Abstracts

Rationale: Pathogenic CYFIP2 variants cause autosomal dominant developmental and epileptic encephalopathy (DEE) type 65, characterized by early-onset intractable epilepsy and developmental delay. There are no known targeted therapies. To improve our understanding of this rare disorder, we describe clinical features in CYFIP2-related DEE.

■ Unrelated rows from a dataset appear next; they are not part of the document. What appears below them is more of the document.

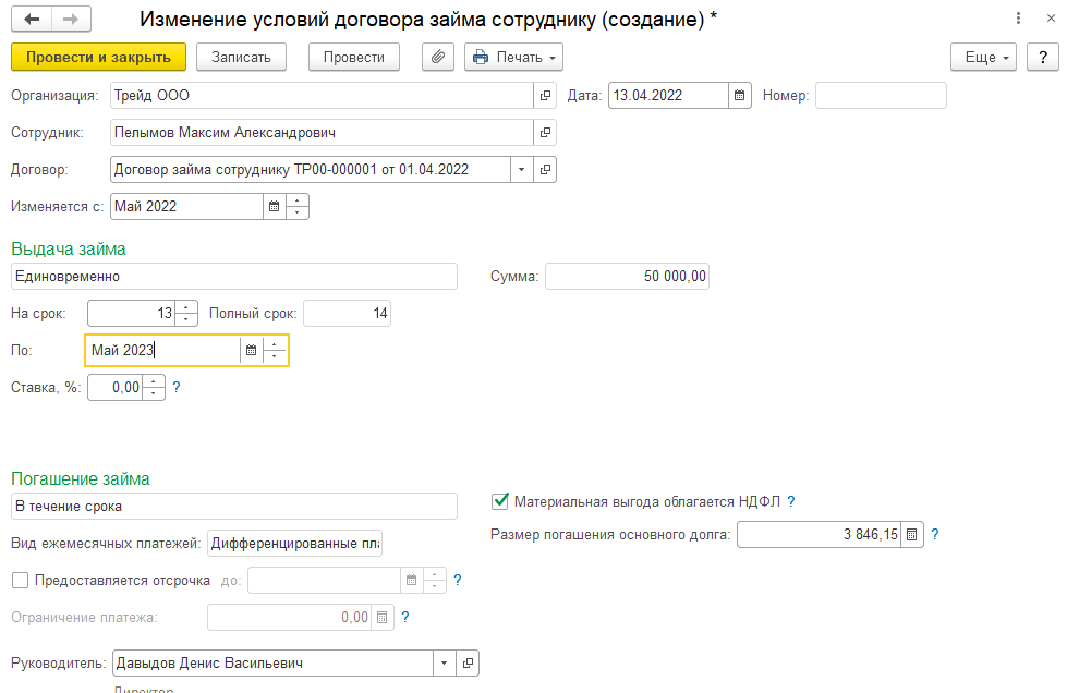 Если в течение срока действия договора займа, его условия изменяются, следует ввести документ "Изменение условий займа".
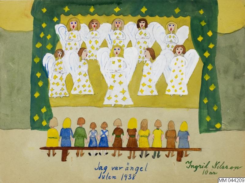 På framsidan skrivet med vattenfärg: Jag var ängel / Julen 1938 / Ingrid Nilsson / 10 år.
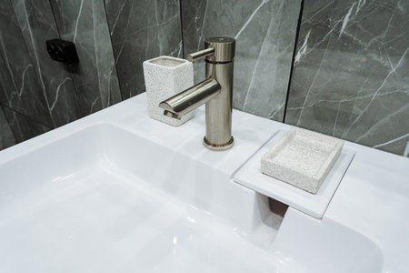 Luxury faucet mixer on a white sink in a beautiful gray bathroom
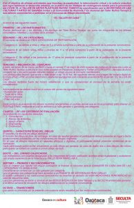 La convocatoria va dirigida a estudiantes, así como ex alumnos del Taller Rufino Tamayo e integrantes de los talleres comunitarios infantiles y juveniles de la entidad; está divida en tres categorías: “A”  para niñas y niños de 6 a 10 años; “B” para niñas, niños y jóvenes de 11 a 16 años y “C” para personas de 17 años en adelante.
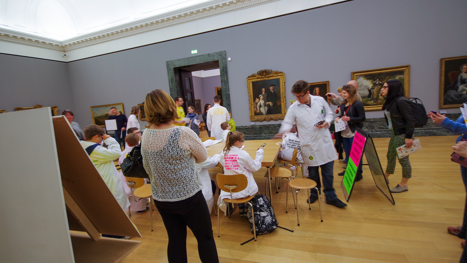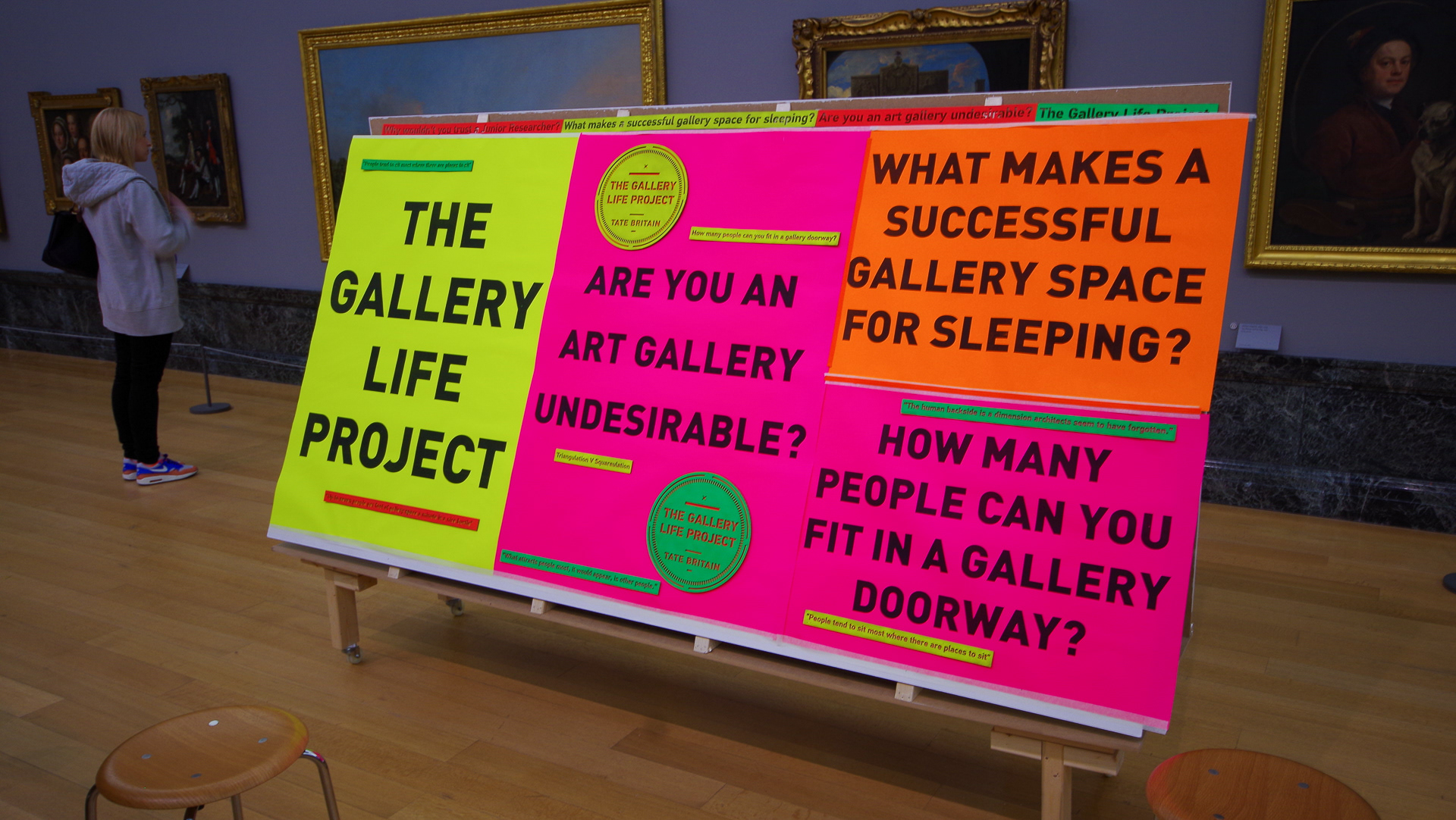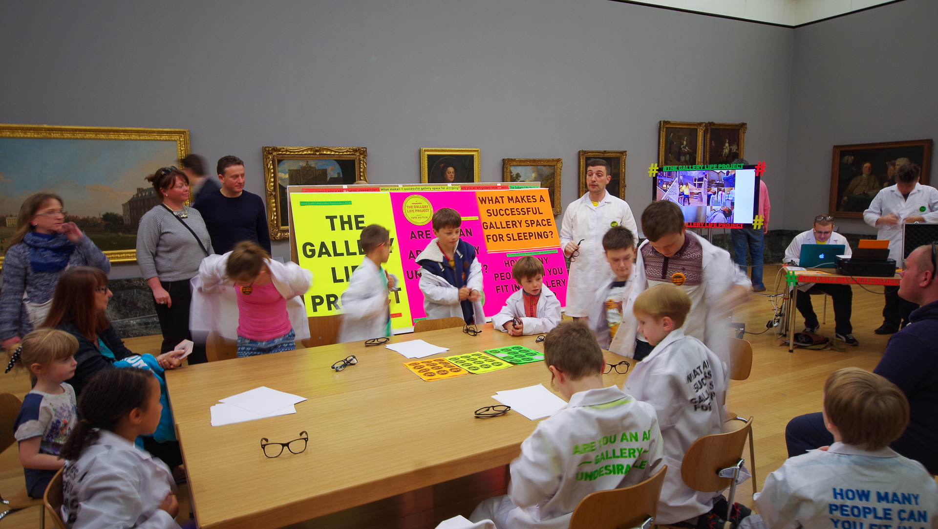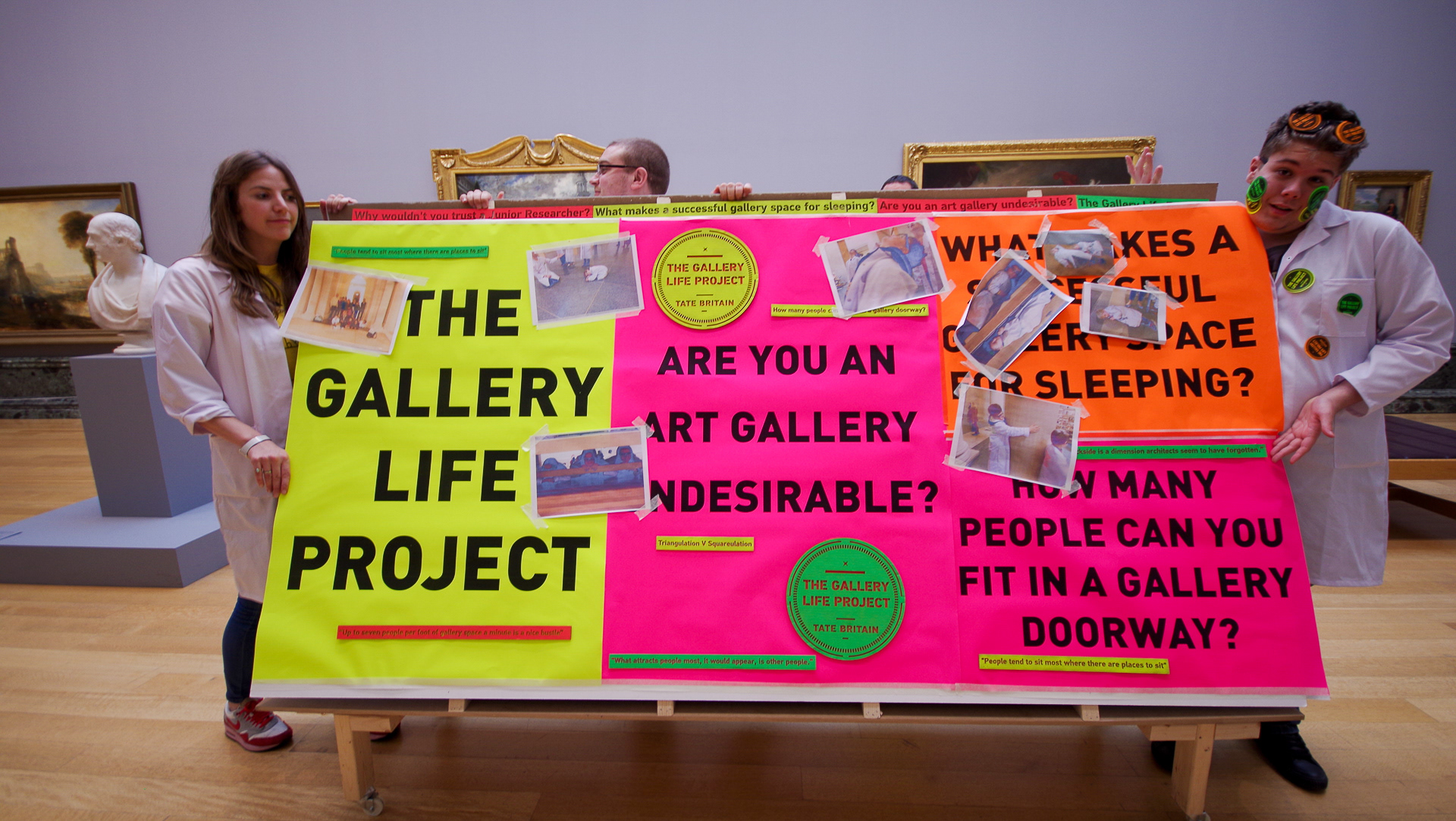 For this neurodiverse, superhero‑style takeover of Tate Britain in 2014, we worked as performance duo chris+keir to create a live research hub for 500 young people with Tourettes and associated conditions. Using neon, stickers, priceless art, cameras, lab coats, comedy glasses and William Whyte’s The Social Life of Small Urban Spaces, we transformed the galleries into a space for playful investigation and collective mischief.

Methods: We present a novel case of CYFIP2-related DEE. Additionally, we conducted a literature review of clinical presentations across 37 patients with CYFIP2 variants.

Results:

A 2-month-old male presented with subclinical and clinical generalized myoclonic-tonic and tonic seizures confirmed on EEG. Epilepsy gene panel identified a de novo pathogenic CYFIP2 p.Arg87Cys variant. Following transition from levetiracetam and phenobarbital to lacosamide monotherapy, seizures were controlled, EEG normalized, and he met age-appropriate developmental milestones. At 6 months, he developed epileptic spasms and mild language/communication regression, which resolved with ACTH followed by vigabatrin. At 7 months, he developed a hyperkinetic choreoathetoid movement disorder. A second course of ACTH was given for modified hypsarrhythmia, with EEG improvement. At 11 months, he remains seizure-free with moderate global developmental delay.

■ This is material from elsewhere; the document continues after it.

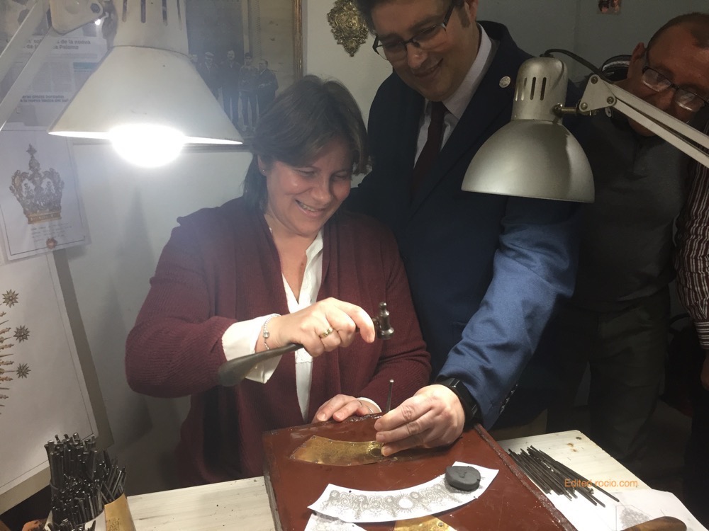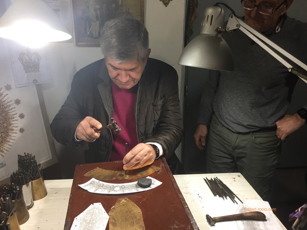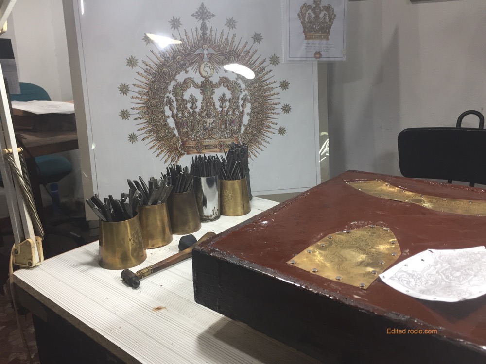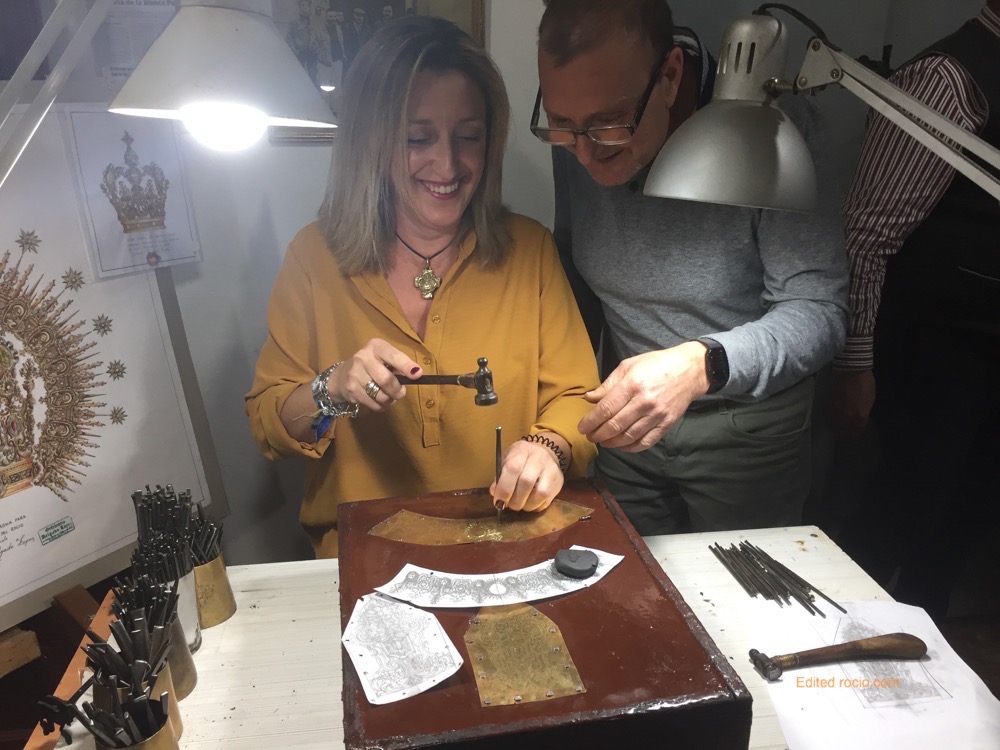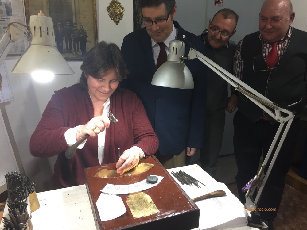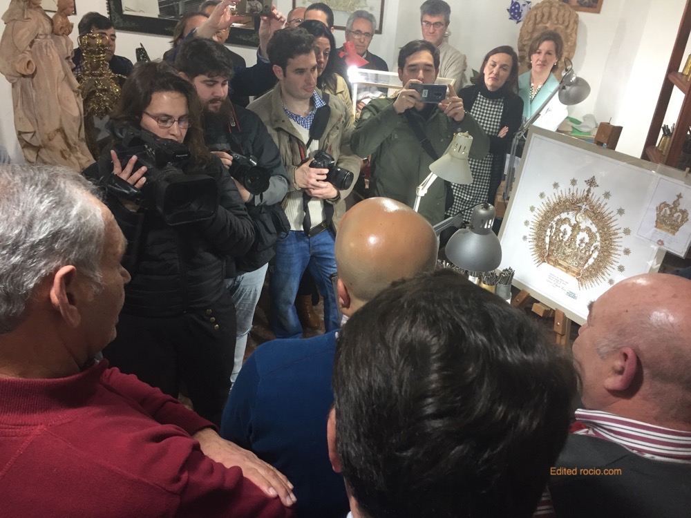 En la tarde de hoy, jueves 24 de enero, a las 20 h, ha tenido lugar en Sevilla, en el taller de Orfebreria de los hermanos Delgado López, donde se están realizando las coronas de la Santísima Virgen del Rocío y su Hijo el Pastorcillo Divino, con motivo del centenario de la coronación canónica, el acto simbólico del primer toque de cincel en las dichas preseas.

Pathogenic CYFIP2 variants were first reported in 2000, associated with developmental delay, intellectual disability, seizures, and behavioral concerns. Since then, 37 additional cases were reported, further expanding the phenotype.^1-6 Of these cases, 10 patients had the Arg87Cys variant. Twenty-nine had epilepsy including absence, generalized tonic-clonic, tonic, myoclonic, focal, and febrile seizures. Most (n=21) had seizure onset within the first year of life, 12 developed epileptic spasms, and 4 had persistent spasms despite treatment with ACTH or steroids. Four patients developed seizures before epileptic spasms. However, no other patient had reported EEG normalization after seizure onset and before onset of spasms. Anti-seizure management was reported for 35 patients. Treatments varied; however, seizure freedom was reported in patients (n=10) treated with lacosamide, valproic acid, cannabidiol, vigabatrin, or zonisamide. Others (n=17) had intractable epilepsy. Most patients (n=35) had global developmental delay/intellectual disability. Only one other patient had a hyperkinetic choreoathetoid movement disorder.



Ref:

1. Nakashima, M, et al. Ann Neurol, 2018

2. Zweier, M, et al. Eur J Hum Genet, 2019

3. Begemann, A, et al. Genet Med, 2021

4. Hamaguchi, M. et al. Brain & Development, 2022

5. Veiga de Góes, F, et al. Open Neurology Journal, 2022

6. Slokivi, T, et al. Am J Med Genet, 2023








Conclusions: We report on the phenotypic landscape of CYFIP2-related DEE (DEE-65) and how our patient expands this phenotype, to improve our understanding of this rare, recently identified disorder. Patients with CYFIP2-related DEE have developmental delay, epilepsy with multiple seizure types, and a hyperkinetic movement disorder. Ours is the only reported case of substantial improvement with timely treatment following initial seizure onset and prior to epileptic spasms.

Funding: No funding was received in support of this abstract.